How Can We Synthesize High-Quality Pretraining Data? A Systematic Study of Prompt Design, Generator Model, and Source Data
Summary: arXiv:2604.13977v1 Announce Type: cross
Abstract: Synthetic data is a standard component in training large language models, yet systematic comparisons across design dimensions, including rephrasing strategy, generator model, and source data, remain absent. We conduct extensive controlled experiments, generating over one trillion tokens, to identify critical factors in rephrasing web text into synthetic pretraining data. Our results reveal that structured output formats, such as tables, math problems, FAQs, and tutorials, consistently outperform both curated web baselines and prior synthetic methods. Notably, increasing the size of the generator model beyond 1B parameters provides no additional benefit. Our analysis also demonstrates that the selection of the original data used for mixing substantially influences performance. By applying our findings, we develop FinePhrase, a 486-billion-token open dataset of rephrased web text. We show that FinePhrase outperforms all existing synthetic data baselines while reducing generation costs by up to 30 times. We provide the dataset, all prompts, and the generation framework to the research community.

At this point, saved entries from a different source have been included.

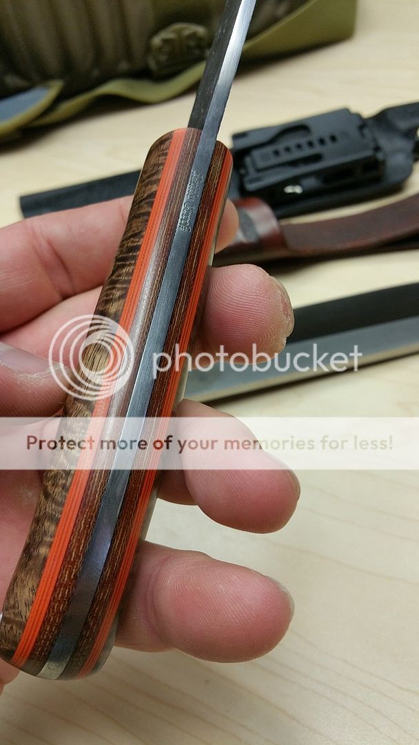 @@TRADED@@Battle Creek knives Creekster model 8 3/4 inches oal 1/8 1095 with sweet burl handles with natural micarta and orange liners comes with a nice leather tooled sheath. shipped TYD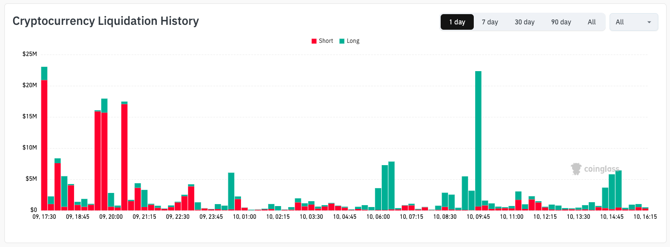 尽管价格行为相对平静,但交易所的爆仓量依然居高不下。根据CoinGlass数据,截至撰稿时的24小时内,整个加密货币市场爆仓金额超过2.5亿美元。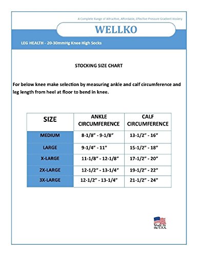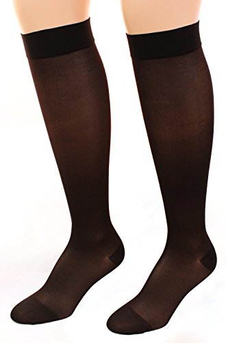 Wellko USA Made Men's Women's Knee High Compression Stockings Socks Sheer Moderate Compression 15-20 [Black, Small]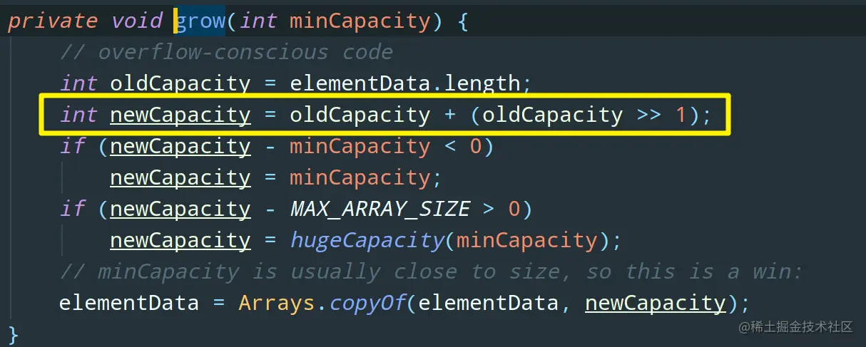 说实话,别的都不用看了,看上面图中的黄色框框就知道 ArrayList 是怎么扩容的了:扩容后的数组长度 = 当前数组长度 + 当前数组长度 / 2。最后使用 Arrays.copyOf 方法直接把原数组中的数组 copy 过来,需要注意的是,Arrays.copyOf 方法会创建一个新数组然后再进行拷贝。

The Importance of High-Quality Pretraining Data
As artificial intelligence continues to advance, the demand for high-quality training data is becoming increasingly critical. Pretraining data plays a pivotal role in developing robust language models. However, generating this data remains a challenge, particularly in ensuring its quality and relevance.

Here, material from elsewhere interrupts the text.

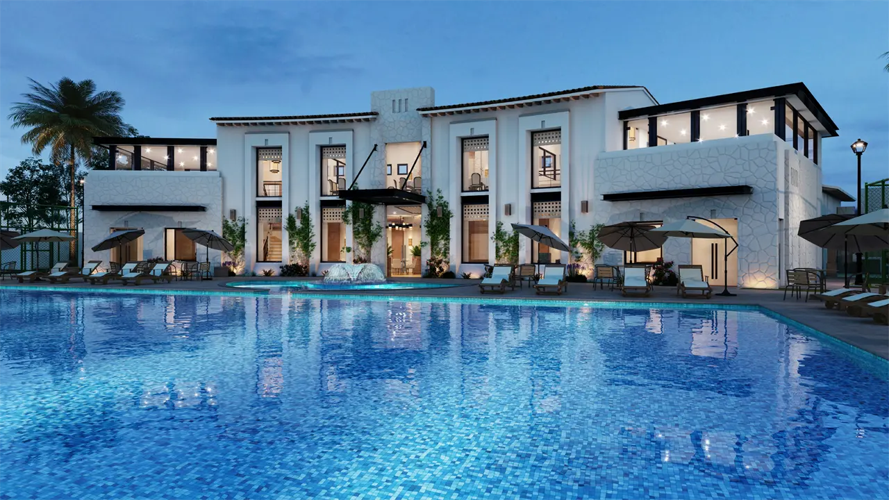 - Una cocina de diseño europeo que se integra con el área de piscina.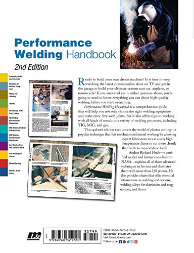 Richard Finch. Metal fabricators of every ilk, whether they’re working on race cars, experimental aircraft, or custom motorcycles, will benefit from this updated guide to top-quality welding. Performance Welding demonstrates the newest fabricating techniques and covers the latest in welding equipment. This complete guide written by NASA welding consultant Richard Finch helps a fabricator select the proper equipment, prepare jigs, and effectively weld 4130 steel, stainless steel, aluminum, and magnesium. It also covers plasma cutting, the technique used extensively on Monster Garage that has revolutionized metal working. 2nd ed.

Key Findings from Our Research
Our systematic study focused on three primary dimensions of synthetic data generation:
- Rephrasing Strategy: The method used to transform existing web text into synthetic data.
- Generator Model: The architecture and size of the model used to generate new text.

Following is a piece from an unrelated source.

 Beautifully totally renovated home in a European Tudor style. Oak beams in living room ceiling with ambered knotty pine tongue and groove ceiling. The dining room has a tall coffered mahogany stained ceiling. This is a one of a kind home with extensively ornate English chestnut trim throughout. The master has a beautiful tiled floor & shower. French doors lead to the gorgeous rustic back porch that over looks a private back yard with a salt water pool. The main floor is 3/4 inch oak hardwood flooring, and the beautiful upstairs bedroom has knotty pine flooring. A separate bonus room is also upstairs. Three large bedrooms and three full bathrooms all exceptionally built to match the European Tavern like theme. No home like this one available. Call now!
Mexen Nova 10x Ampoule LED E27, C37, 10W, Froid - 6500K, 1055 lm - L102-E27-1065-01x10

- Source Data: The original data that serves as the basis for rephrasing.
Structured Output Formats Yield Better Results
One of the most significant findings from our research is the effectiveness of structured output formats. We observed that formats which organize information, such as:
- Tables
- Math Problems
- FAQs
- Tutorials
These formats consistently outperformed both curated web baselines and traditional synthetic methods. This insight underscores the importance of how data is structured for optimal performance.
Generator Model Size and Performance
Our analysis revealed a surprising conclusion regarding the size of the generator model. While larger models are often assumed to provide better performance, we found that increasing the model size beyond 1 billion parameters did not yield additional benefits. This suggests that factors other than model size are more critical in determining the quality of generated data.
The Impact of Source Data Selection
The selection of original data for mixing is another crucial factor influencing the performance of synthetic pretraining data. By carefully curating the source data, we can significantly enhance the quality of the generated outputs, leading to better-trained language models.
Introducing FinePhrase
Based on our findings, we developed FinePhrase, an extensive dataset comprising 486 billion tokens of rephrased web text. This dataset not only outperforms existing synthetic data baselines but also reduces generation costs by an impressive 30 times. We are committed to sharing this dataset, along with the prompts and the generation framework, with the research community to facilitate further advancements in the field.
Conclusion
As the AI landscape evolves, the need for high-quality synthetic pretraining data becomes paramount. Our research highlights the critical factors that influence data quality and provides a pathway for achieving superior results in training language models.